Highly Photoluminescent Molybdenum Oxide Quantum Dots: One-Pot Synthesis and Application in 2,4,6-Trinitrotoluene Determination

• Published in: ACS applied materials & interfaces Vol. 8; no. 12; pp. 8184 - 8191
• Main Authors: Xiao, Sai Jin, Zhao, Xiao Jing, Hu, Ping Ping, Chu, Zhao Jun, Huang, Cheng Zhi, Zhang, Li
• Format: Journal Article
• Language: English
• Published: United States American Chemical Society 30.03.2016
• Subjects: turn-off; photoluminescent sensor; 2,4,6-trinitrotoluene; MoO x quantum dots; inner filter effect; Meisenheimer complexes; MoOx quantum dots
• ISSN: 1944-8244; 1944-8252
• DOI: 10.1021/acsami.5b11316

As a well-studied transition-metal semiconductor material, MoO x has a wider band gap than molybdenum disulfide (MoS2), and its property varies dramatically for the existence of several different allotropes and suboxide phases of molybdenum oxides (MoO x , x < 3).

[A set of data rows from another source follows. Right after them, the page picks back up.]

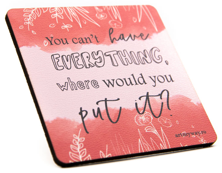 O colectie de suporturi de pahar (coasters), vesele si pline de autoironie. Fiecare model contine un citat ce iti va aduce zambetul pe buze, o colectie de ganduri uneori profunde, motivationale, alteori comice, menite sa ne ofere o stare de bine.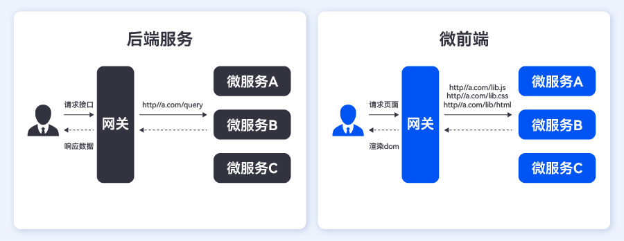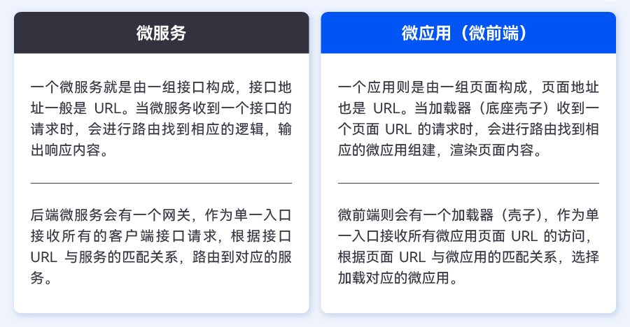 通過跟微服務(wù)進(jìn)行對(duì)比,我們可以更清晰地理解微前端的概念: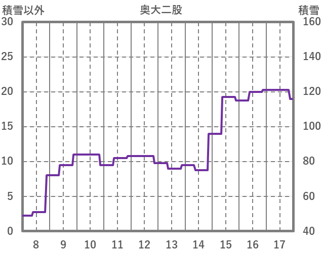 | 日 | 時 | 気温 | 降水 | 風向/風速 | 日照 | 積雪 | 降雪 |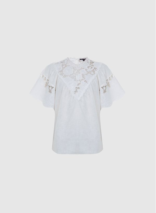 Confeccionada em linho, a Blusa possui gola redonda, mangas curtas amplas, detalhe de renda aplicada com transparência, fechamento posterior por botões e acabamento pespontado.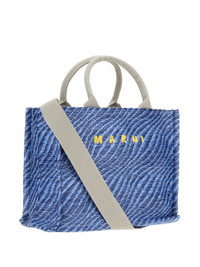 BLUE WAVY RAFFIA-EFFECT SMALL TOTE BAG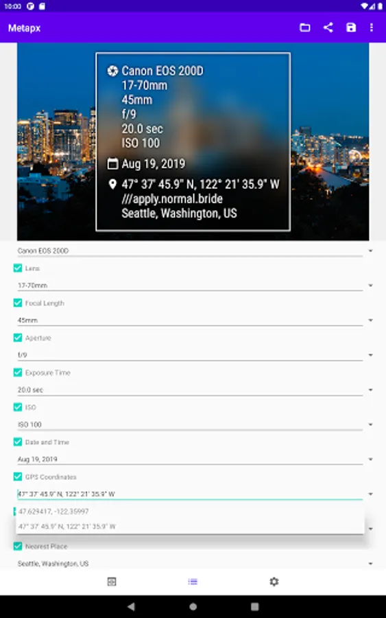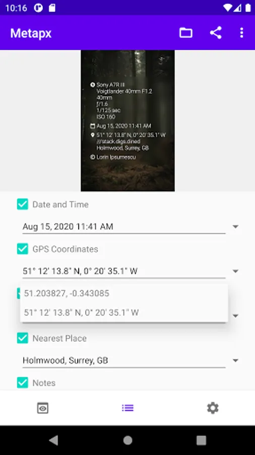 • what3words integration - make it easy for people to see the three words that point to the GPS coordinates of your photo; copy them to the clipboard to include in captions;
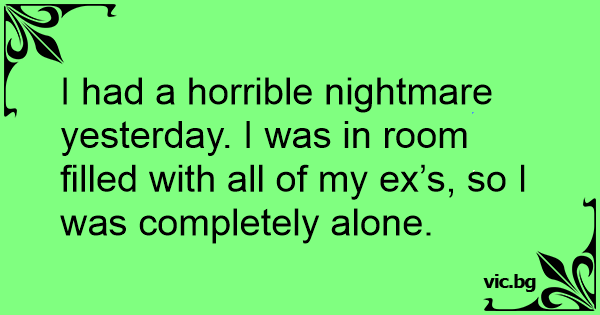 I had a horrible nightmare yesterday. I was in room filled with all of my ex’s, so I was completely alone.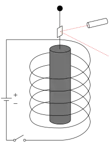 Досліджується циліндр з феромагнітного матеріалу, підвішений за допомогою тонкої нитки всередині циліндричної котушки, яка використовується для створення осьового магнітного поля, що намагнічує циліндр вздовж його осі. Зміна електричного струму в котушці змінює магнітне поле, яке створює котушка, що змінює намагніченість феромагнітного циліндра і, завдяки описаному ефекту, його кутовий момент. Зміна моменту руху викликає зміну швидкості обертання циліндра, що контролюється за допомогою оптичних приладів. Зовнішнє поле взаємодіючи з магнітним диполем не може виробляти жодного крутного моменту ( ) вздовж поля. У цих експериментах намагнічування відбувається вздовж напрямку поля, створеного котушкою намагнічування, отже, за відсутності інших зовнішніх полів, кутовий момент вздовж цієї осі повинен зберігатися.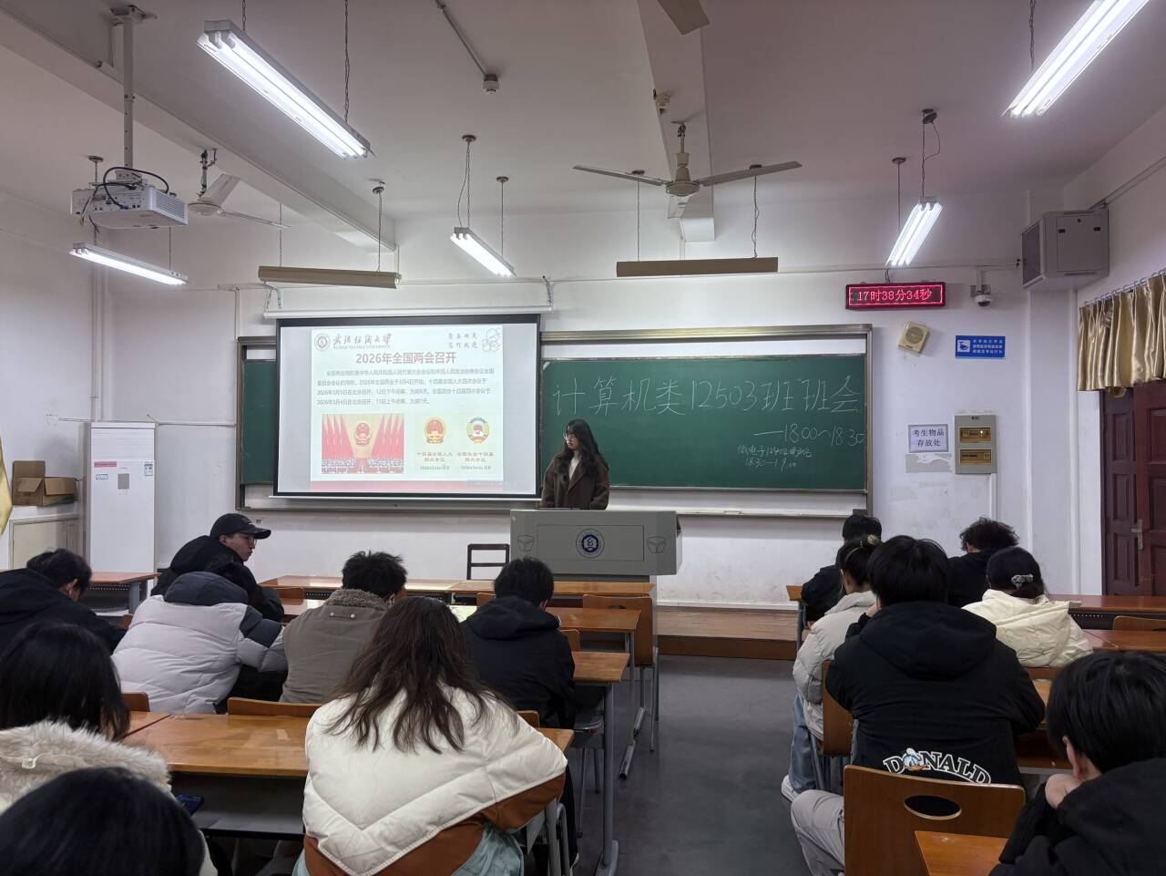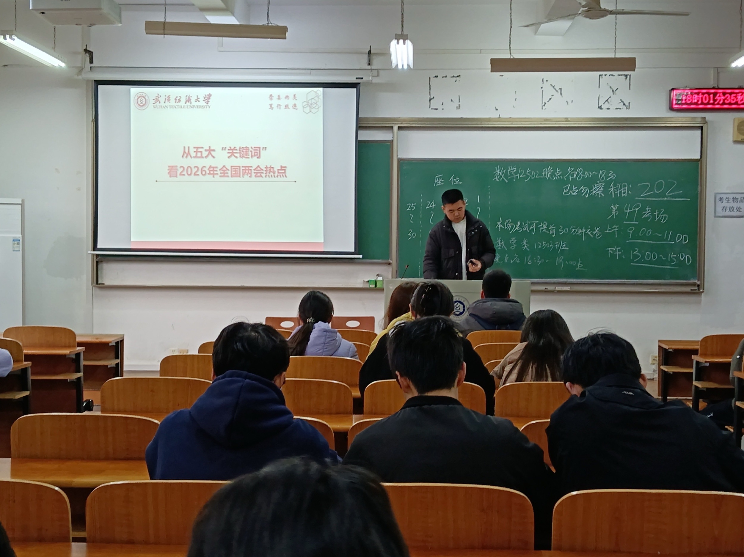 为了让全体同学共同聚焦全国两会,领会国家发展蓝图,数学与统计学院于3月8号在各班教室开展了以“从五大‘关键词’看2026年全国两会热点”为主题的班会活动。班会由各班班长主持,全体同学参与学习。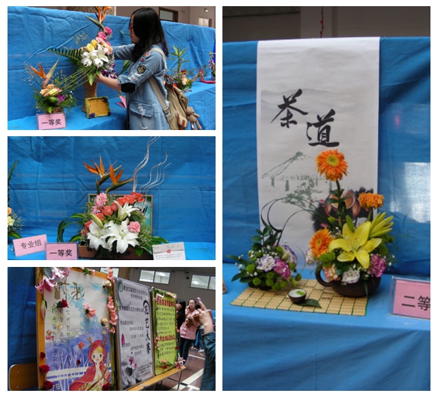 参赛者于5月28日上午8点至11点在西主教学楼现场制作,园林系教师郭彦萃、熊毅进行现场指导。12点至13点,黑龙江省插花与花艺研究会三位委员对所有参赛作品从作品的主题表现、立意构思、命名、造型、色彩、技巧、选材综合效果与创新等方面对每个作品进行了认真的盲评,最终评选出专业组一等奖2组,二等奖4组,三等奖5组;非专业组一、二、三等奖各1组。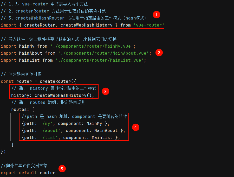 ② 编辑 router.js 文件,从 vue-router 中按需导入 createRouter 和 createWebHashHistory 两个方法,并做如下配置: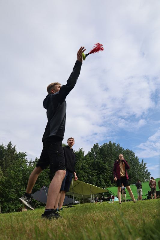 Nach zwei Jahren Coronapause konnten wir dieses Jahr über Pfingsten endlich wieder mit einer Gruppe Jugendlicher und junger Erwachsener zur CVJM Pfingsttagung nach Bobengrün fahren. Trotz der zu Beginn durchwachsenen Wetterprognose, waren alle schon freudig gespannt auf die gemeinsamen Tage und wir wurden nicht enttäuscht. Die Botschaften der Predigten schwingen noch in uns nach und auch die Musik klingt uns noch im Ohr. Besonders die Lebensgeschichte von Wilhelm Buntz, der nach seiner einer Karriere als Gangster im Gefängnis die Seiten der Bibel als Zigaretten rauchte und schließlich Jesus kennenlernte, hat uns tief beeindruckt. Und natürlich wurde Indiaca gespielt. Eine unserer Mannschaften schaffte es sogar in die dritte Spielrunde und wurde kräftig bejubelt. Mal sehen, ob wir im nächsten Jahr im Vorfeld trainieren werden und dann noch weiter kommen. 😉 Auf jeden Fall befanden wir uns die Tage unterm „offenen Himmel“. Sowohl im Bezug auf die Spürbarkeit Gottes während der Veranstaltung, als auch aufgrund der Tatsache, dass wir, bis auf einen Schauer, tatsächlich die ganze Zeit trocken und sogar mit ein paar Sonnenstrahlen die Tage genießen Konnten.

In this manuscript, a one-pot method possessing the advantages of one pot, easily prepared, rapid, and environmentally friendly, has been developed for facile synthesis of highly photoluminescent MoO x quantum dots (MoO x QDs), in which commercial molybdenum disulfide (MoS2) powder and hydrogen peroxide (H2O2) are employed as the precursor and oxidant, respectively. The obtained MoO x QDs can be further utilized as an efficient photoluminescent probe, and a new turn-off sensor is developed for 2,4,6-trinitrotoluene (TNT) determination based on the fact that the photoluminescence of MoO x QDs can be quenched by the Meisenheimer complexes formed in the strong alkali solution through the inner filter effect (IFE). Under the optimal conditions, the decreased photoluminescence of MoO x QDs shows a good linear relationship to the concentration of TNT ranging from 0.5 to 240.0 μM, and the limit of detection was 0.12 μM (3σ/k). With the present turn-off sensor, TNT in river water samples can be rapidly and selectively detected without tedious sample pretreatment processes.